PROVIDED RECORDS:
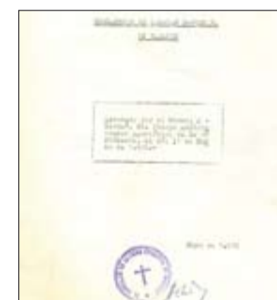
Reglamento de Cáritas de 1970.

causas que plantea la pobreza en la Diócesis. d) Realizar servicios especializados que puedan surgir en el campo de la Acción Social. e) Programar e impulsar actuaciones de desarrollo comunitario.
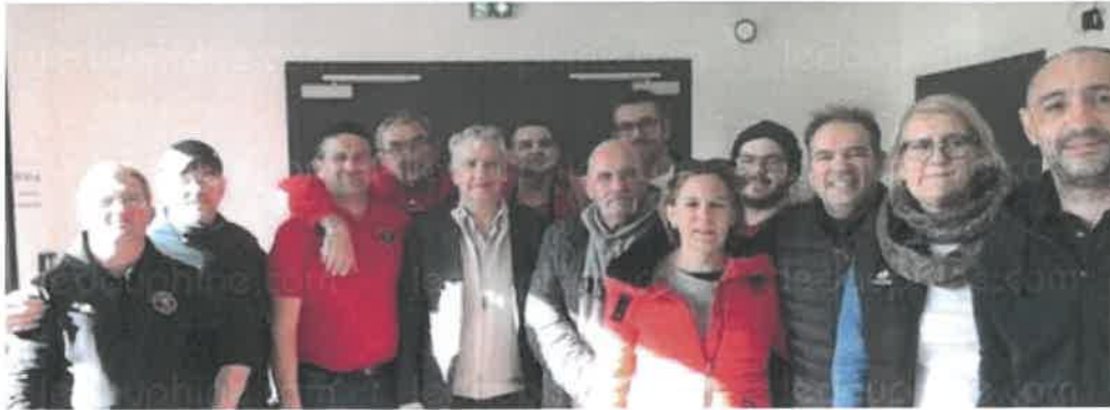
Les rugbymen ont cuisiné 600 diots.

Dimanche matin, les rugbymen ont troqué les crampons et shorts pour devenir de fins cuisiniers. Ils se sont affairés à la cuisson pour que dès 10 heures les premières ventes commencent. 600 diots ont mijoté avec du vin blanc et des petits oignons et tous seront vendus accompagnés de frites. À noter la présence de Jean-Pierre Barbier président du conseil départemental de l'Isère et de Gilles Gelas venus saluer tous ces bénévoles qui ont fait de cette matinée une vraie réussite. Toute la matinée ce n'était qu'un va-et-vient de gourmets ou simplement des amoureux du rugby. La journée s'est poursuivie par un match de rugby féminin : la Côte-Saint-André contre Montélimar remporté par les Côtaises (24 à 17).
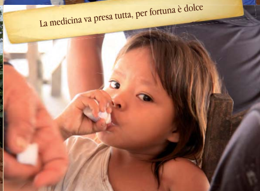
La medicina va presa tutta, per fortuna è dolce
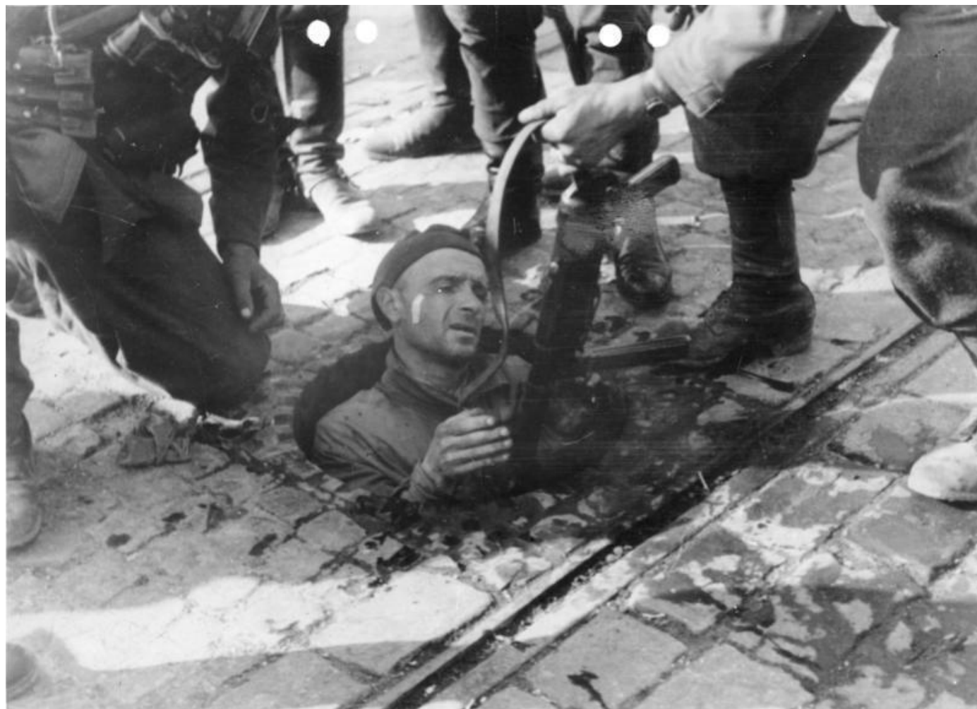
Powstaniec wyciągany z kanału przez żołnierzy niemieckich.

Ok. godziny 9:00 2 września gruzy zbombardowanego Sądu Apelacyjnego zawaliły główny wjazd na pl. Krasińskich.

WORK ORDER: From the material above, output only the span of lines that starts at the one containing "causas que plantea" and finishes at the one containing "Les rugbymen ont cuisiné 600 diots.", word for word and free of pictures.

WRITTEN RESPONSE:
causas que plantea la pobreza en la Diócesis. d) Realizar servicios especializados que puedan surgir en el campo de la Acción Social. e) Programar e impulsar actuaciones de desarrollo comunitario.
Les rugbymen ont cuisiné 600 diots.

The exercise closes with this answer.